In one of my first theology classes in divinity school, my professor the late Sallie McFague asked: If there were no heaven, would you still be a Christian?
The question stopped me – and most of my classmates – in our tracks. Hmmm. It never occurred to me that there might not be a heaven. And isn’t the point of being Christian about going to heaven when we die?
There’s a lot going on in McFague’s question. What happens when we die? Is the end just the end? The question is also asking about why people are faithful. Is it just for a promised reward? Or to escape an otherwise inevitable form of eternal punishment?
I wasn’t raised with strong language around fire and brimstone, and my home church was very oriented towards community service and social justice. So I assumed heaven, but I didn’t spend a lot of time thinking about avoiding hell. I spent more time thinking about how to make things better for people on earth. This is one reason why I find a home in Black and womanist liberation theologies. And in Ifa.

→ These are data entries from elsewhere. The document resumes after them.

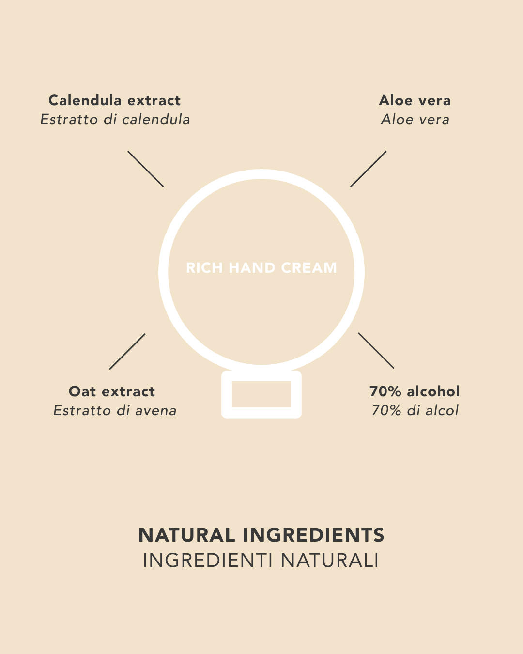 Rich Hand Cream es una crema de manos que repara y nutre profundamente la piel dejándola suave e hidratada. Su fórmula también incluye un alto porcentaje de alcohol (70%) que ayuda a mantener las manos limpias y protegidas.
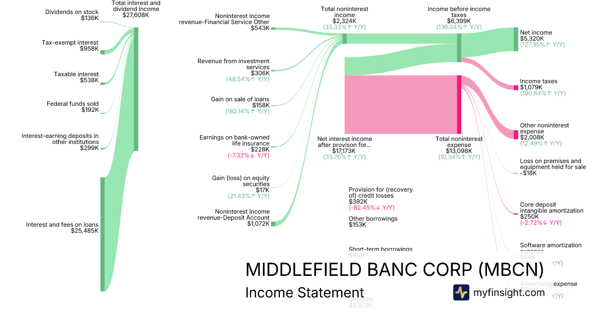 For the quarter ending 2025-09-30, MBCN made $53,037K in revenue. $5,320K in net income. Net profit margin of 10.03%.
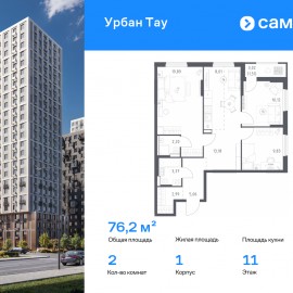 Строим кварталы для жизни с заботой о будущем. Предлагается 3-комнатная квартира комфорт-класса 76, 16 кв.м в корпусе 1 на 11 этаже, в ЖК «Урбан Тау» Квартира с предчистовой отделкой. Доступность дополнительных опций уточняйте у застройщика. Приобрести квартиру возможно по...
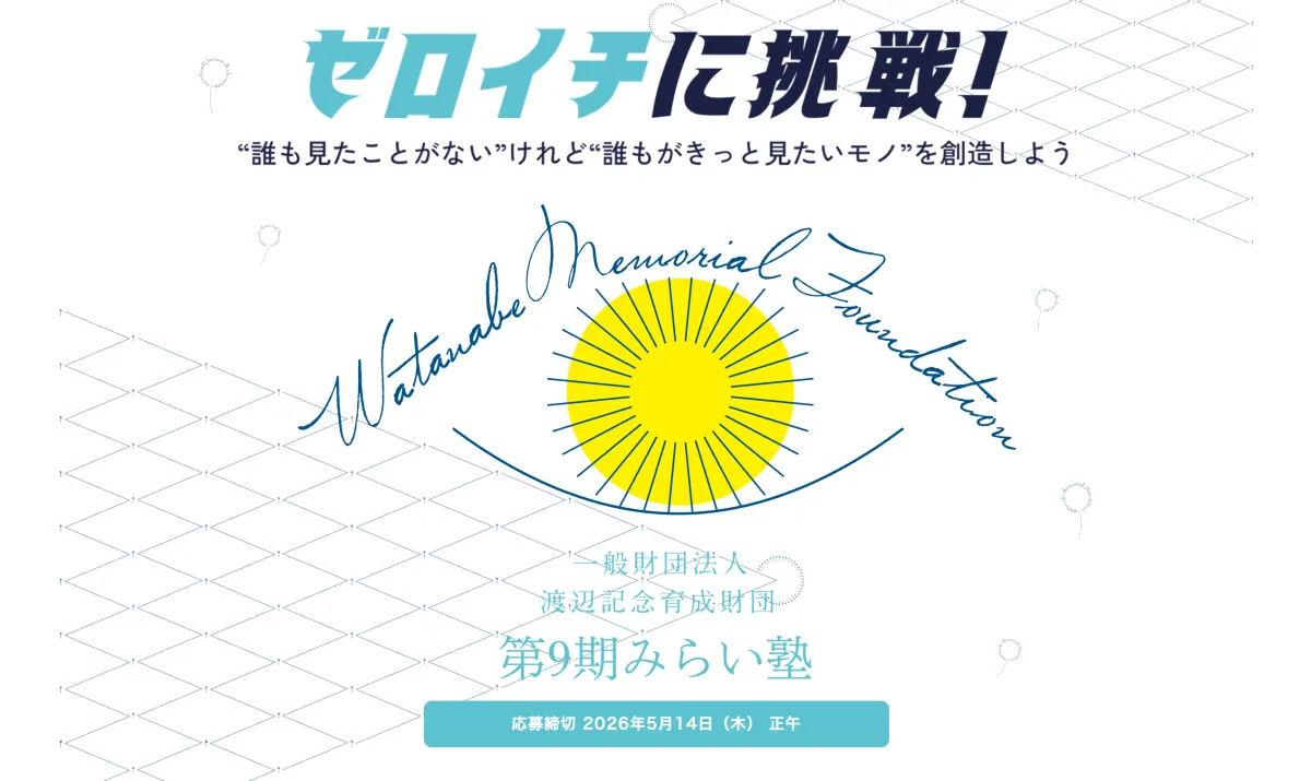 一般財団法人渡辺記念育成財団が主催する『みらい塾』の第9期生募集が始まりました。新たな価値を創出する『ゼロイチ』の精神をもって、クリエイティブな才能を育成するこのプログラムは、ただの学びの場に留まらず、未来への一歩を踏み出すための重要な機会を提供します。
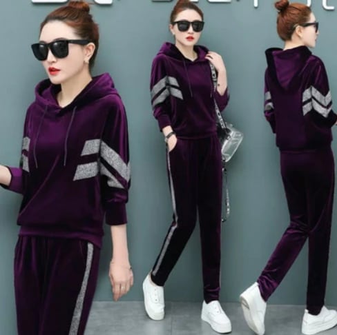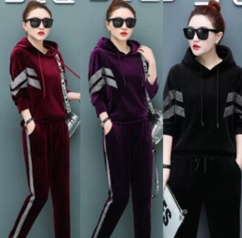 全3色 セットアップ レディース カジュアル お洒落 きれいめ ベルベット パーカー スウェット ジャージ ツーピース ルームウェア 上下セット 春秋 秋冬 ブラック 黒 パープル レッド 赤 ストリート スポーティー ゆったり 大きいサイズ XL 2XL 3XL 4XL 5XL 20代 30代 40代 50代
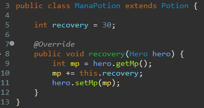 각 하위클래스에서 roll()메소드를 오버라이딩하여 정의한다.
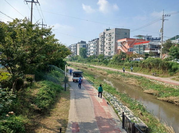 무더위가 길어지고 이상 고온 여파로 가을 모기가 기승을 부리고 있어 모기·파리 등 위생 해충으로부터 각종 감염병을 예방하기 위해 연휴에 많은 시민이 찾는 수원천변 산책로를 방역했다.
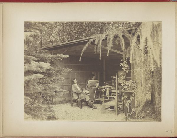 This sepia-toned photograph by Heinrich Ernst & Co captures Chinese contract laborers at their lodging on a tobacco field. The architecture immediately draws the eye—a stilted structure with a layered, thatched roof, its geometric form softened by the organic materials. The composition is structured around contrasts. The ordered, man-made building cuts into the wild, overgrown landscape, a visual metaphor for imposed labor systems. Light and shadow play across the image, defining the textures of the thatched roof and the rough-hewn wooden supports, emphasizing the materiality and construction. The human figures are carefully placed within the architectural framework, their presence a stark reminder of the social and economic structures at play. This photograph uses form to communicate power, labor, and the intersection of culture and exploitation, prompting us to reflect on its historical context and lasting impact.
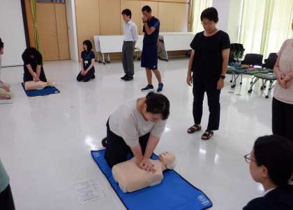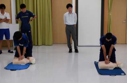 画像は、昨日行った「救命講習会」の様子です。富山消防署から3名の指導員の方にきていただき、救命について学びました。いざというときに、落ち着いて対処できるよう日頃の訓練が大切ですね。

These ideas became clearer in my June lecture at IARPT where I mentioned that finitude isn’t as big a problem for Ifa practitioners as it is for Western Christians. Throughout most of Western philosophy, human finitude is an issue. Philosophers seem deeply bothered by human mortality. Even my favorite philosopher of process thought, Alfred North Whitehead identifies avoiding loss as the central issue in religion: “The most general formulation of the religious problem is the question whether the process of the temporal world passes into the foundation of other actualities, bound together in an order in which novelty does not mean loss.”[1] In other words: How do we become something new without losing? How do we evolve without death?
I agree that we cannot become something new without losing or letting go of some part of the past. But I just don’t think that the end of life on this plane is the end. My little STEM-loving kid understood this as the first law of thermodynamics – energy cannot be created or destroyed, only transformed. The eternality of our souls seems obvious to him. Ifa assumes belief in ancestors. There are variations in ideas about what a “good ancestor” is and whether we need to or how to “elevate the spirit of an ancestor,” and how we interact with ancestors. But we assume ancestors. And we assume ancestors without being tethered to an idea of a heaven and a hell.
Many of my colleagues in American religious and philosophical thought were intrigued. So much of naturalism is built around denying a heaven and afterlife or questioning it or at least asserting that we cannot confirm its existence. I believe this comes from pushing back against a Western religious tradition that emphasizes an afterlife as a way of evading issues we deal with on earth. And I’m all about pushing back on that.
What if finitude isn’t a problem? No one wants to die early or young or painfully. I get that. But what if that isn’t the big problem of religion? Might we be developing strong character just to be a good force on the planet? Might we “do the right thing” because we believe it’s “the right thing” without any need for reward or fear of punishment? Might we be propelled and excited by trying to creatively transform our world?
When faced with McFague’s question about heaven, I internally said, “yes.” I’m Christian largely by accident of birth. I was born and raised in a Christian household and family in the United States. But whether or not I stayed Christian and what kind of Christian I became – I got to make those decisions as an adult. For me, those decisions had nothing to do with heaven, but it was about “the good news.” And what is touted as radical good news to gospel writers seems to be a core assumption of Ifa: the end is not the end.